21 Şubat Dünya Anadil Günü dolayısıyla Galatasaray Lisesi önünde bir araya gelen Laz, Gürcü, Çerkes, Hemşinli, Pomak halkları dahil pek çok farklı etnik gruptan topluluk, Halkların Dostluğu Girişimi olarak basın açıklaması yaptı. Açıklamada ‘dil’in insanlık tarihinin ortak değerleri arasında olduğuna vurgu yapılarak, bugün Türkiye’de konuşulan 34 dilden 18’inin yok olma tehlikesi altında olduğu, bunların arasında Çerkes dillerinin de bulunduğuna dikkat çekildi
“Anadil yüreğin kapısıdır”
Halkların Dostluğu Girişimi, Dünya Anadil Günü dolayısıyla Galatasaray Meydanı’nda basın açıklaması yaptı. Açıklamada "İnsanlık tarihinin ortak değerleri olan tüm dil, kültür ve inançların temel insan haklarından" olduğu vurgulandı.
***
Jıneps’in de içinde olduğu Halkların Dostluğu Girişimi bileşenleri, 21 Şubat Dünya Anadil Günü dolayısıyla Galatasaray Lisesi önünde bir basın açıklaması yaptıktan sonra, TMMOB Makine Mühendisleri Odası’nda da panel düzenledi.

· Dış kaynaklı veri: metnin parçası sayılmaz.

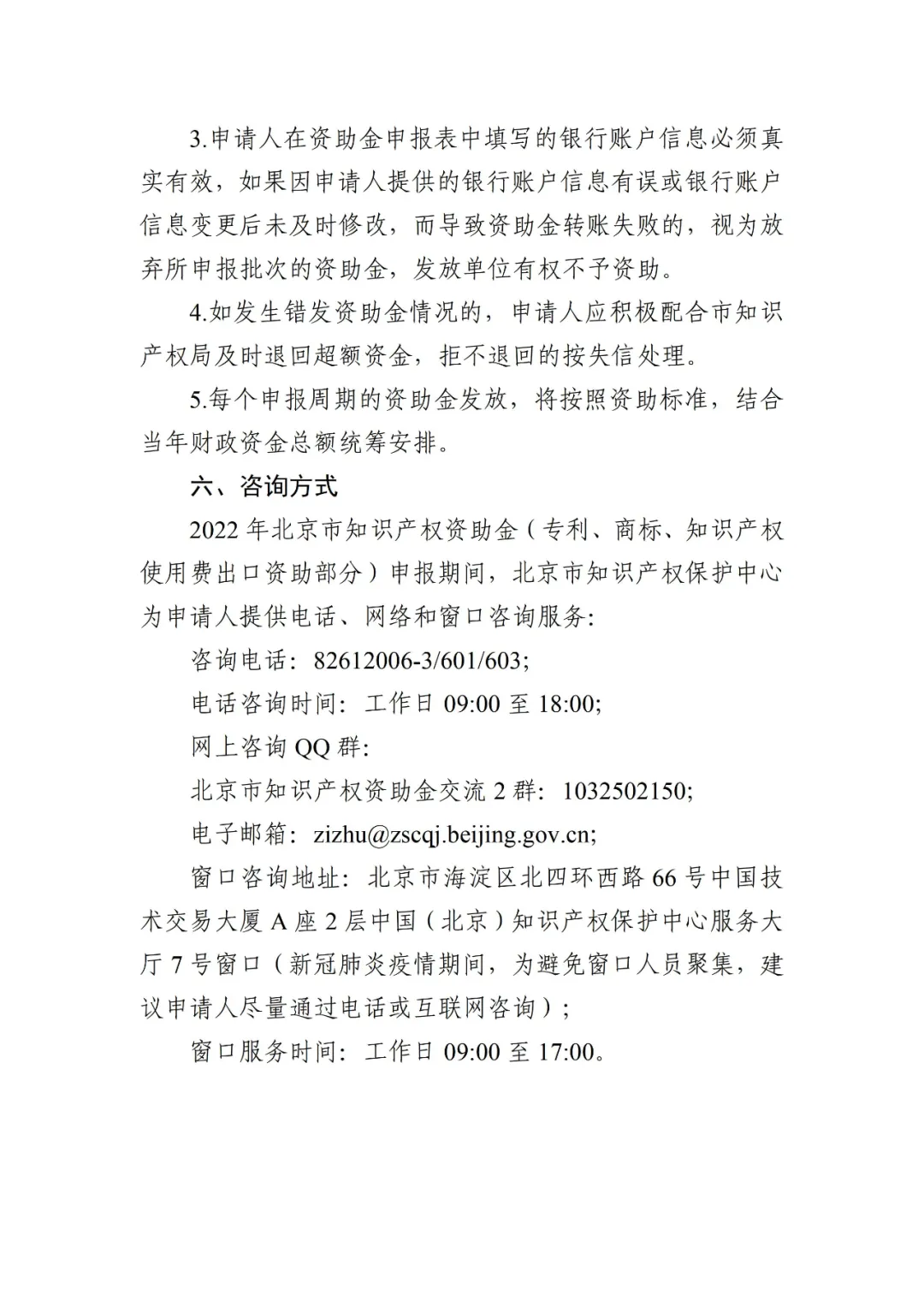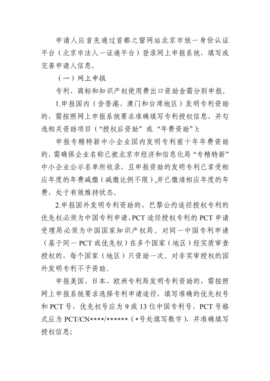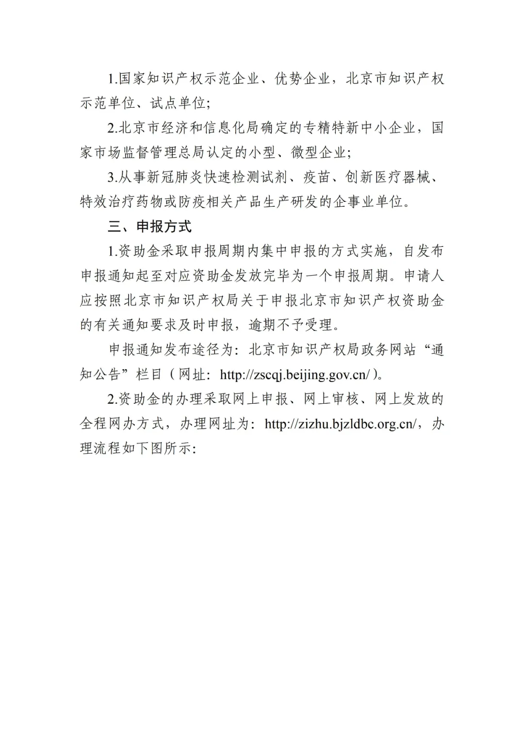 北京市知识产权资助金(专利、商标、知识产权使用费出口资助部分)的申报采取全程网办方式,申请人需在北京市知识产权资助金网上申报系统进行申报,详情请参考《2022年北京市知识产权资助金申报指南》(见附件)。

Gürcü, Laz, Çerkes, Hemşinli, Pomak pek çok farklı etnik ve inanç grubundan katılımcıların olduğu topluluk, Galatasaray Meydanı’nda açıklama yapan gazeteci İnci Hekimoğlu, Türkiye’de ‘resmi dil’ Türkçe dışında 34 dil konuşulduğunu ve bunlardan 18’inin yok olma tehlikesi altında olduğunu kaydederek Ubıhça ve Kapadokya Yunancası’nın son çeyrek yüzyılda yok olduğunu söyledi. Hekimoğlu, "İnsanlık tarihinin ortak değerleri olan tüm dil, kültür ve inançların başkalarının yaşama hakkına müdahale etmemek kaydıyla, var olma, kendini geliştirme ve yarınlara taşıma hakkı temel insan haklarındandır" dedi.
Dil yasaklanamaz
Dillerin yasaklanmasıyla toplumsal barışın tehdit edildiğini söyleyen Hekimoğlu, "Toplumsal barış yasaklarla değil, farklılıkların kabul edilmesi ve bu farklılıklar arasın uyum yaratılmasıyla mümkündür" diye konuştu.
İnsanların konuşabilmesi ve çocuklarına öğretebilmesi ile bir dilin yaşatılabileceğini vurgulayan Hekimoğlu, ancak için resmi dil dışındaki dilleri tanıyan ve koruyan ulusal politikaların oluşturulması ve anadilde eğitim ve öğretimin desteklenmesiyle mümkün olacağını belirtti. Hekimoğlu, yeni anayasa hazırlık sürecinde ana diller konusunda özgürlükçü, çağdaş, demokrasi ve insan haklarına uygun düzenlemelerin yapılması gerektiğinin altını çizdi.
Anayasada yeri
Hekimoğlu, yeni anayasa çalışmasına dair önerilerini ise şöyle sıraladı;
-Türkiye’nin taraf olduğu evrensel hukukun gereği olarak, tüm dil, kültür ve inançlar, tarihi ve kültürel mirasımızın bir parçası olarak değerlendirilsin, kamusal sorumluluk tanınsın ve genel bütçeden pay ayrılsın.
-Tekçi, tek tipleştirici, merkeziyetçi, devlet odaklı politikalar terk edilsin, dil ve kültüre ilişkin politikalar resmi dil dışındaki dil ve kültüre mensup halkların iradesi dikkate alınarak belirlensin.
-Anadil hakkı temel hak olarak kabul edilsin, ana diller anayasal güvence altına alınsın, anadilde eğitim-öğretim, kamusal alanda kullanımı, radyo-televizyon yayını yapma konusundaki sınırlamalar kaldırılsın. Yok olma tehdidi altındaki diller koruma altına alınsın ve pozitif ayrımcılık uygulansın."
Açıklamanın ardından, Akordeon eşliğinde Adıgece ve Gürcüce halk ezgileri seslendirildi.
Topluluk, daha sonra Dr. Sibel Özbudun ve Gürcü Kültür merkezi Başkanı Eşref Yılmaz’ın konuşmacı olduğu "Anayasa ve Halklar" forumuna katıldı.